Announcing the setting up of a nine-man adhoc committee to probe the non-remitted revenues, after the Senate grilled the executive secretary of NEITI, Mr. Waziri Adio for over two hours, Bukola Saraki said members selected will re-examine the financial processes and the fiscal audit report of NEITI.
He also mandated the committee to look into the financial loss and leakages of government in all its ramifications and come up with remedial measures and sanctions where necessary. “Of course, more importantly, any relevant legislative action that would be required to block all forms of leakages should be explored,” he saidd.
Members of the committee include Tayo Alasoadura, who is the chairman of Petroleum Upstream; Senator Bassey Akpan, who is the Chairman of Gas; Andy Uba, Chairman of Public Accounts; John Enoh, Chairman of Committee on Finance; Jibrin Barau, Chairman of Petroleum Downstream and Chukwuka Utazi, Chairman of Committee on Anti- Corruption.
Other members are Kabir Marafa, Solomon Adeola and Bukar Mustapha.
The committee will be chaired by Barau, with Uba as the vice chairman. The committee has four weeks to complete its assignment and report back to the Senate.
In his earlier remarks, while briefing the Senate, NEITI boss, Adio told lawmakers: “In 2013, the federation made N33.8 billion from the solid minerals sector. This was 37 per cent increase in what the country made in 2012, but there are some issues that also jumped out of this audit report. About 91 per cent of the total production for 2013 came from limestone, granite and laterite.
“About 5.8 per cent of the production for that year came from sand which means the only portion remaining is 3 per cent which was for gold and some other things. The revenue from cement company alone constituted 88 per cent of the payment for 2013. Another issue that came out from the solid minerals report is that the potential of that sector is not fully optimised by the country.

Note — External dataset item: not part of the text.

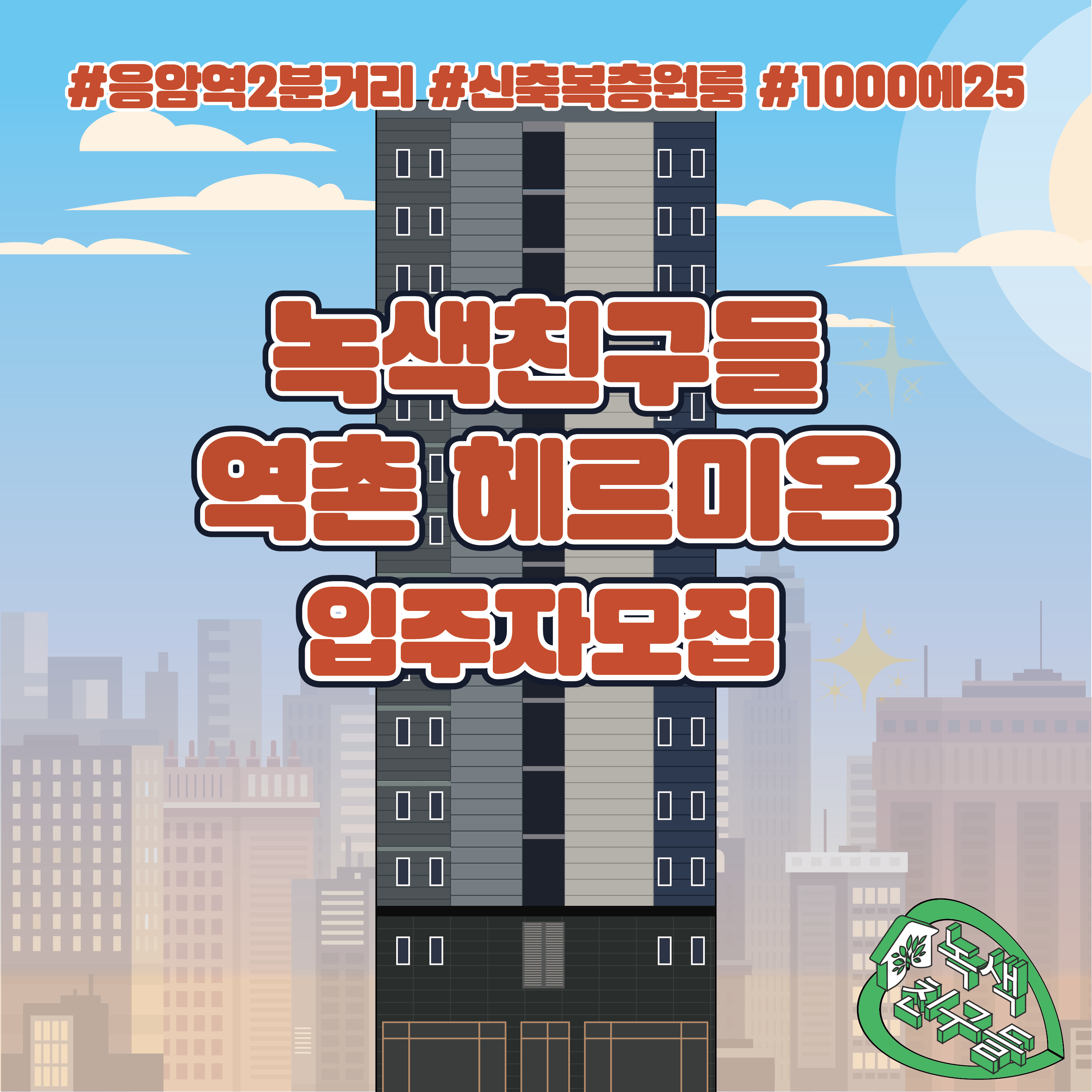 <역촌 헤르미온>은 119세대 규모의 오피스텔로, LH 사회적 주택입니다. 사회적주택은 청년 주거비 경감 및 안정적 주거지원을 위해 사회적 경제주체(녹색친구들)가 한국토지주택공사 매입임대주택을 활용하여 다양한 주거 서비스 프로그램 등의 임대운영, 관리를 직접 수행하는 임대주택입니다.

“In 2013, that sector contributed 0.13 per cent to our GDP as compared to the 5 per cent that (it) used to contribute in 1960s. Also, that sector contributed 0.09 per cent to total export for 2013. This could be seen as good and bad. The good part is that for the previous year, the contribution was 0.02 per cent.
“So, we made some progress, but despite the enormous capacity of that sector for jobs, for growth, for development and the fact that everywhere in this country had one mineral resources or the other we have not taken full advantage of it.”